The Indian was looking at the hard-wood ridges from time to time, and said that he would like to buy a few hundred acres somewhere about this lake, asking our advice. It was to buy as near the crossing place as possible.

My companion and I having a minute's discussion on some point of ancient history, were amused by the attitude which the Indian, who could not tell what we were talking about, assumed. He constituted himself umpire, and, judging by our air and gesture, he very seriously remarked from time to time, "you beat," or "he beat."

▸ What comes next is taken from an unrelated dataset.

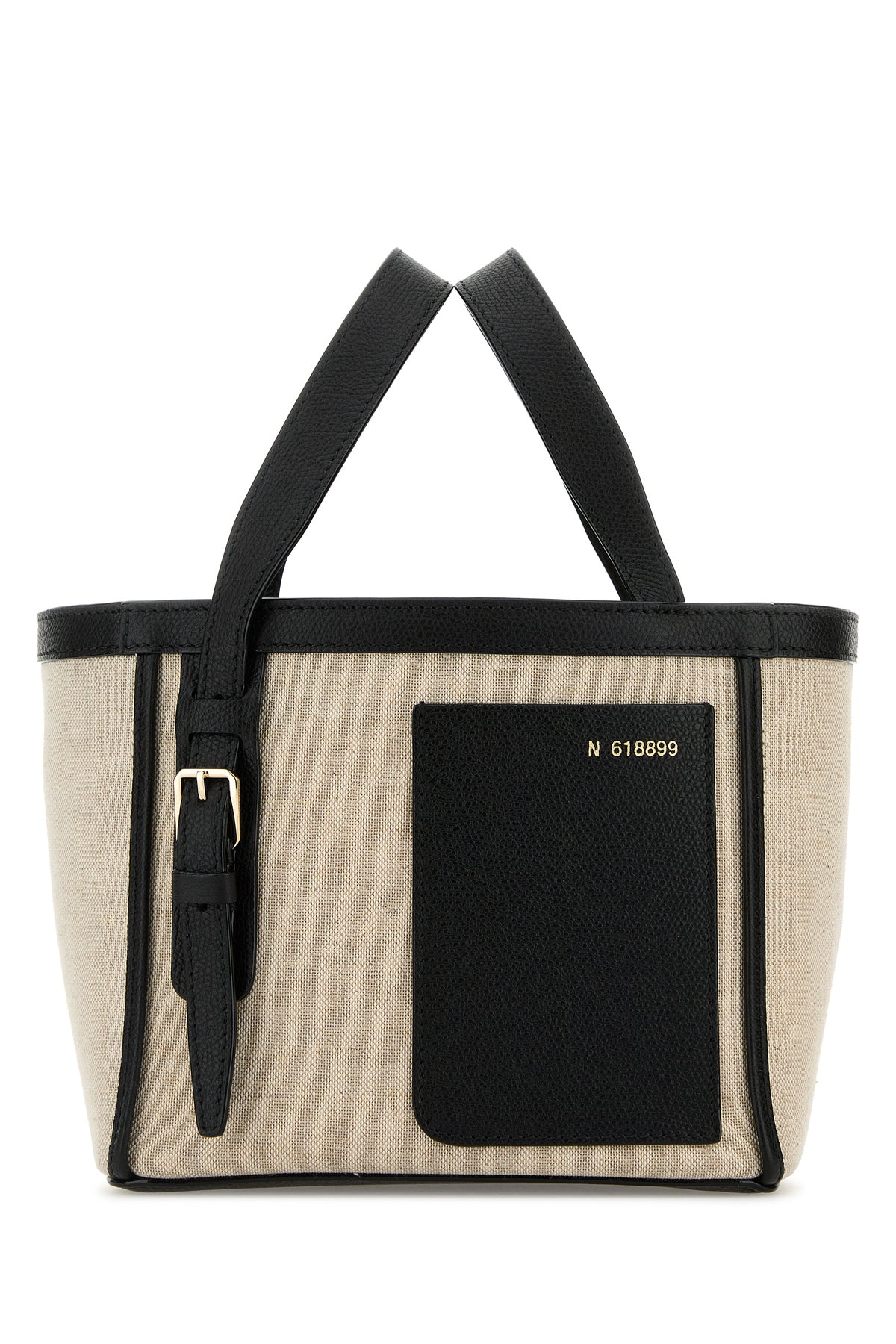 - Detachable contrasting leather shoulder strap

Leaving a spacious bay, a northeasterly prolongation of Chamberlain Lake, on our left, we entered through a short strait into a small lake a couple of miles over, called on the map Telasinis, but the Indian had no distinct name for it, and thence into Telos Lake, which he called Paytaywecomgomoc, or Burnt-Ground Lake. This curved round toward the northeast, and may have been three or four miles long as we paddled. He had not been here since 1825. He did not know what Telos meant; thought it was not Indian. He used the word "Spokelogan" (for an inlet in the shore which led no-where), and when I asked its meaning said that there was "no Indian in 'em." There was a clearing, with a house and barn, on the southwest shore, temporarily occupied by some men who were getting the hay, as we had been told; also a clearing for a pasture on a hill on the west side of the lake.